Works great, but I can't get the Upscaler to work no matter what I do. I even tried taking the upscale down to 1 and the 5B model down to Q2 and it still fails. I think my machine just isn't powerful enough
To put it this way, this workflow works excellently on RTX 5060 Ti 16GB and 32GB RAM, but for stable operation you need to know one thing: use the setting in your ComfyUI --cache-none . This will clear the cache in your RAM before using the next model in the queue, which will significantly speed up video creation time and reduce system load.
where and how do I do this?
@Greth You can launch comfyui using run_nvidia_gpu.bat --cache-none BUT it will reloading models/nodes after every run instead I would recommend you to use RAM-Cleanup and VRAM-Cleanup (In Memory management nodes) at the end of workflow
I don't know why but all my video make a loop. But my loop count is set on "0"
Works great. 10 sec at 768x512 and 5 sec at 1152x768 on rtx4080 without issues
Where do you define the video length? All videos I generate are 3 seconds long
With the length value in WanImageToVideo node: 121=5s , 241=10s
Stupid question, but is the lower text prompt for negative?

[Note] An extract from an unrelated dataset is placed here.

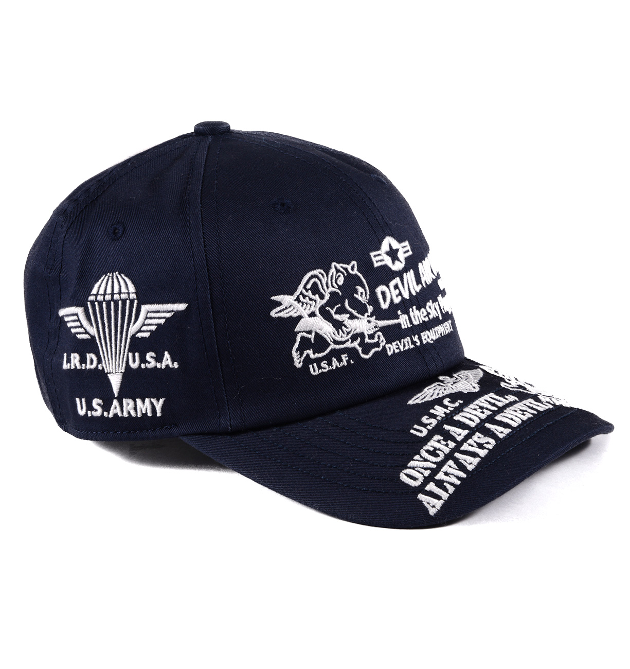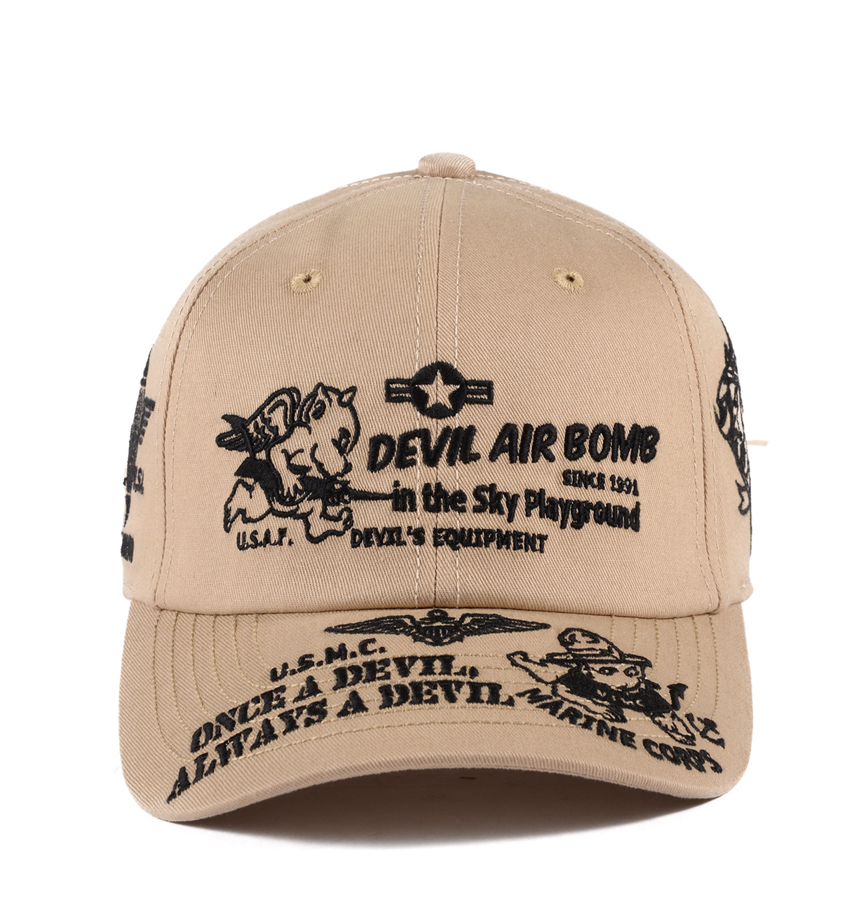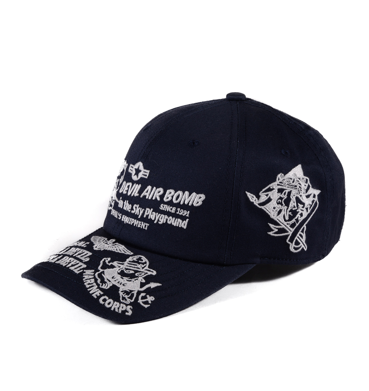 好評のテッドマンのミリタリーモチーフ。コットン素材に刺繍が施されていて、いつものキャップとは印象がガラリ

The LoraLoaderModelOnly and Load VAE gives me a red box in the Upscale step. Cant figure out why. I have the correct model in the correct folder as per your information. Though you say 4 lora but link to only 3 in your information. Comfy Manager isnt reporting anything missing.
Got that working nevermind.
Anyway to speed up the final VAE Decode? Its stuck on there at 0% for what feels like forever, GPU running at 100% and the RAM at 20/32GB. I didnt touch any settings besides lower the framerate to 16 and 32 respectively. Using a 5070Ti.